In Deutschland gibt es an vielen Universitäten, aber auch an einigen Fachhochschulen die Möglichkeit Sinologie oder sogenannte Kombi-Studiengänge – meist mit Wirtschaft – zu studieren. Die Unis haben dabei unterschiedliche Schwerpunkte. Manche lehren vorwiegend das moderne China, manche eher das alte China, die meisten beides. In dieser Serie werde ich die sinologischen Abteilungen an den deutschsprachigen Universitäten und ihre Geschichte, ihre Schwerpunkte und ihre Lehrenden vorstellen. Heute ist die Universität Heidelberg dran.

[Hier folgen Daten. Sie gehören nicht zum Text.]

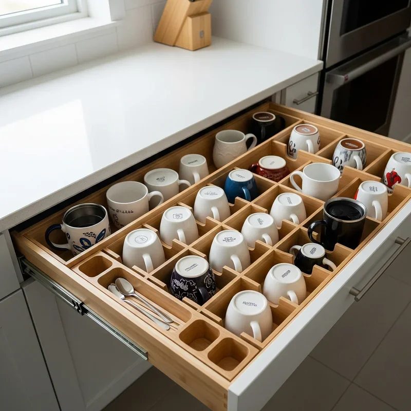 Revolutionary drawer systems transform deep drawers into efficient mug storage with specialized dividers and inserts! These hidden solutions keep countertops clear while protecting mugs from chips and dust. Use adjustable dividers to create custom-sized compartments for different mug dimensions. The bird's-eye view when opening drawers makes selection easy without disturbing other mugs. Line drawers with non-slip mats to prevent sliding when opening and closing. This method works exceptionally well for delicate or valuable mugs needing extra protection. Assign specific spots for each family member's favorite mugs to maintain organization. The concealed storage maintains a minimalist kitchen aesthetic while maximizing functionality. Deep drawers can accommodate even tall travel mugs or oversized soup mugs. Your drawers just graduated from junk collectors to organized mug havens!
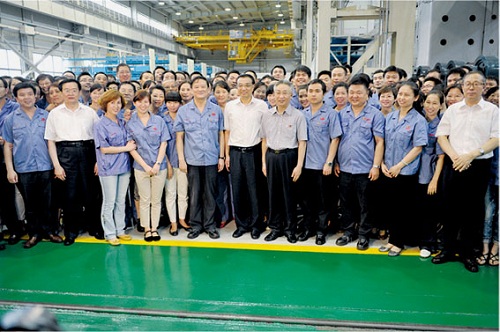 7月13日,中共中央政治局常委、国务院副总理李克强在湖北省委书记李鸿忠、省长王国生,集团公司总经理张国清,湖北省委常委、武汉市委书记阮成发,市长唐良智等的陪同下,到中国兵器工业集团武汉重型机床集团有限公司视察。 下午16时许,李克强一行首先来到武重大件加工厂。作为武重拥有自制设备最多、加工效能最高的产品配套生产单位,这里聚集了武重自主研发的XKD2755(加工长度可达57米)双龙门四铣头超重型数控镗铣床、XKC5680车铣复合加工机床、CKX双柱16米超重型数控立式铣车床等堪称世界一流、国内领先的重型装备,它们不仅成为“武重制造”生产线上的一道道亮丽的风景,也和其他设备一道组成了武重机床“永不闭幕的展览厅”。武重集团董事长、党委书记黄照向李克强介绍了武重近来年为国家重点行业和领域制造研发的关键装备。李克强充分肯定了武重集团坚持自主创新所取得的丰硕成果,他还亲自来到XKD2755双龙门四铣头超重型数控镗铣床旁,实地查看该设备的加工情况,与生产一线操作者亲切交流。当得知该设备以双龙门四铣头的设计大大提高了加工效率,且加工精度处于行业前列时,他连连点头,充分肯定了武重为提升装备制造水平、加快产业升级所做出的努力。 李克强还来到武重立车公司。该单位的产品以超大、超重、技术成熟等特点享誉海内外,也是当之无愧的中国立车第一品牌。从这里产出了一台台独一无二的极限装备,包括不久前刚刚拼装成套的目前世界上最大规格的数控立式车床——CKX53280型超重型数控立车。该设备加工直径可达28米,其机床重量达1200吨,一举刷新了由武重保持的立车制造最大规格的世界记录。李克强边走边看,所到之处受到了武重广大员工的热忱欢迎。 在考察结束时,李克强发表了重要讲话,指出:武重是全国知名企业,有着光荣的传统,是建国初期156个重点项目之一,现在又浴火重生,从老厂搬到了新厂。这里生产了很多在同行业是亚洲第一,也是世界上最大的产品。武重长了中国装备工业的志气,也支撑了中国装备制造业在关键领域的发展,而且武重产品还走向世界,在一些国家立了脚,打开了局面,把中国重型装备的王牌亮了出去。武重已经成功地进行了二次创业,要再进行第三次创业,成为世界最顶尖的企业,去创造世界一流的业绩。 |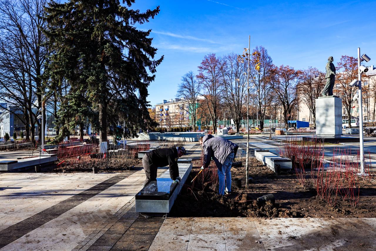 Основные работы по благоустройству сквера выполнены. На сегодняшний день остается высадить зеленые насаждения, завершить обрамление лавочек гранитом и уложить на них деревянные настилы.

Die Geschichte: Am 19. Juli 1919 mittags um 12 Uhr trat Major Dr. F. E. A. Krause im Hörsaal 13 des Hauptgebäudes an der Uni Heidelberg zu seiner Antrittsvorlesung an. Thema: „Sprache und Schrift in China und Japan.“ Das war der Beginn der Sinologie in Heidelberg. Erste prominente Studierende waren Netty Reiling (die sich später Anna Seghers nannte) und Philipp Schaeffler (ermordeter Widerstandskämpfer). Doch knapp zehn Jahre später war schon wieder Schluss. Krause wechselte nach Göttingen, ein Nachfolger wurde nicht ernannt. Erst 1962 wurde wieder ein Institut für Sinologie gegründet. Wolfgang Bauer war der erste Lehrstuhlinhaber. Er blieb aber nur bis 1968 und wechselte dann nach München. Ihm folgten Günther Debon (1968-1986) und sodann der sehr einflussreiche Rudolf Wagner (1987-2012). Unter ihm wurde die Heidelberger Sinologie kräftig ausgebaut, bedeutsam hierfür war unter anderem die Mitarbeit am Exzellenzcluster Asien und Europa im Globalen Kontext. Heute zählen zur Sinologie 35 Wissenschaftler/innen. Alle sind Teil des Centre for Asian und Transcultural Studies (CATS). Der Asien-Campus der Universität Heidelberg wurde 2019 eröffnet, umfasst – nebenbei bemerkt – auch eine der umfangreichsten europäischen Bibliotheken zu China und Asien und über 200 Wissenschaftler/innen. Neben der regulären Lehre sind zahlreiche Vortragsreihen, Workshops und kulturelle Veranstaltungen Kennzeichen der lebendigen Heidelberger Asienwissenschaften. Eine der Professorinnen ist Anja Senz. Sie sagt: „Die Heidelberger Sinologie bietet eine deutschlandweit nahezu einzigartige Vielfalt und thematische Breite.“

Die Lehrenden: Insgesamt gibt es sechs Professuren mit Chinabezug. Enno Giele ist derzeit Direktor des Instituts für Sinologie. Er ist seit 2012 in Heidelberg und vertritt thematisch das klassische China. Barbara Mittler, die auch Musikwissenschaft studiert hat, hat den Schwerpunkt chinesische Kunst, Musik und Literatur. Gotelind Müller-Saini beschäftigt sich mit moderner chinesischer Geschichte, insbesondere im Bereich Bildung. Ganz im aktuellen China bewegt sich Anja Senz mit Schwerpunkten in der heutigen Politik, Wirtschaft und Gesellschaft. Joachim Kurtz befasst sich mit der chinesischen Geistesgeschichte und Michael Radich ist einer der weltweit renommiertesten Buddhismus-Forscher.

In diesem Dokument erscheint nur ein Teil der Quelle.